Сердце как будто остановилось. Кай посмотрел на свои руки и очень сильно захотел, чтобы они вновь оказались прихваченными шнуром на уздцах полученного у Истарка коня.
Алые струйки добежали до углубления в камне и соединились в его центре. Сиват наступил на кровь и, беззвучно шлепая мокрыми ногами, оставляя алые отпечатки, опустил в углубление в камне девочку. Ее рука откинулась в сторону, веки дрогнули, она шевельнула головой, устраиваясь удобнее, но не открыла глаз. Сиват осторожно провел ладонью по ее щекам, повторил пальцем линию носа, поднялся, выпрямился и закружился в беззвучном танце.

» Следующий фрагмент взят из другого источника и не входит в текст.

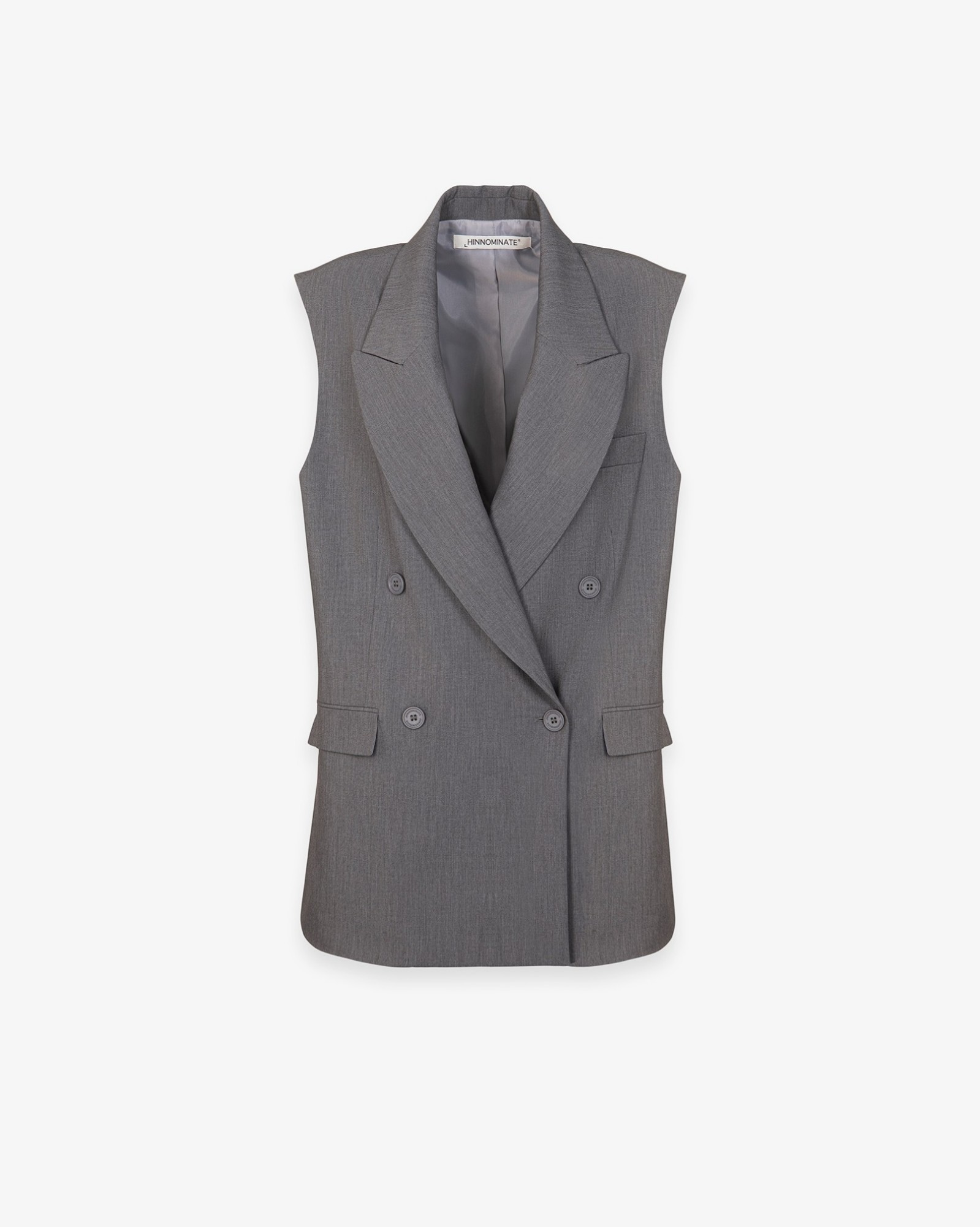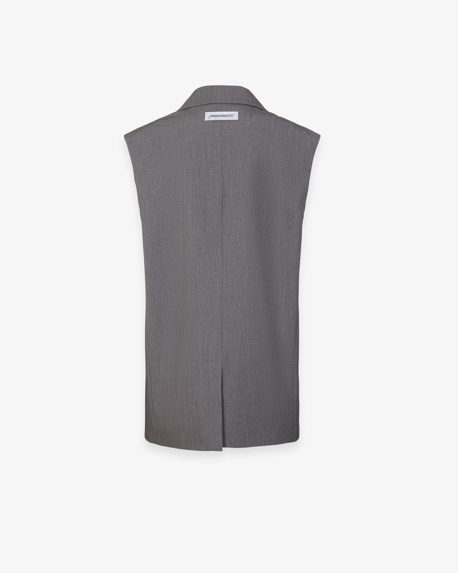 Double-breasted sleeveless jacket with raw cut

Кай отшатнулся в сторону, едва не наступил на хвост гепарду, лежавшему у ног Сурны, и в секунду окинул взглядом горизонт. Сначала увидел кольцо высоких, сияющих вечными снегами вершин, затем месиво гор пониже, затем холмы, покрытые лесом, поля, дороги, сверкающий белым камнем город, снующих по его улицам людей и небо — синее, ослепительно-синее, глубокое небо. Такое глубокое, что, казалось, опрокинь в секунду весь этот мир, и ты будешь в него падать вечность и никогда не долетишь до дна. Если только испечешься, сгоришь в лучах сияющего, жгущего глаза, горячего солнечного диска, замершего в зените. И тут Сиват выхватил нож.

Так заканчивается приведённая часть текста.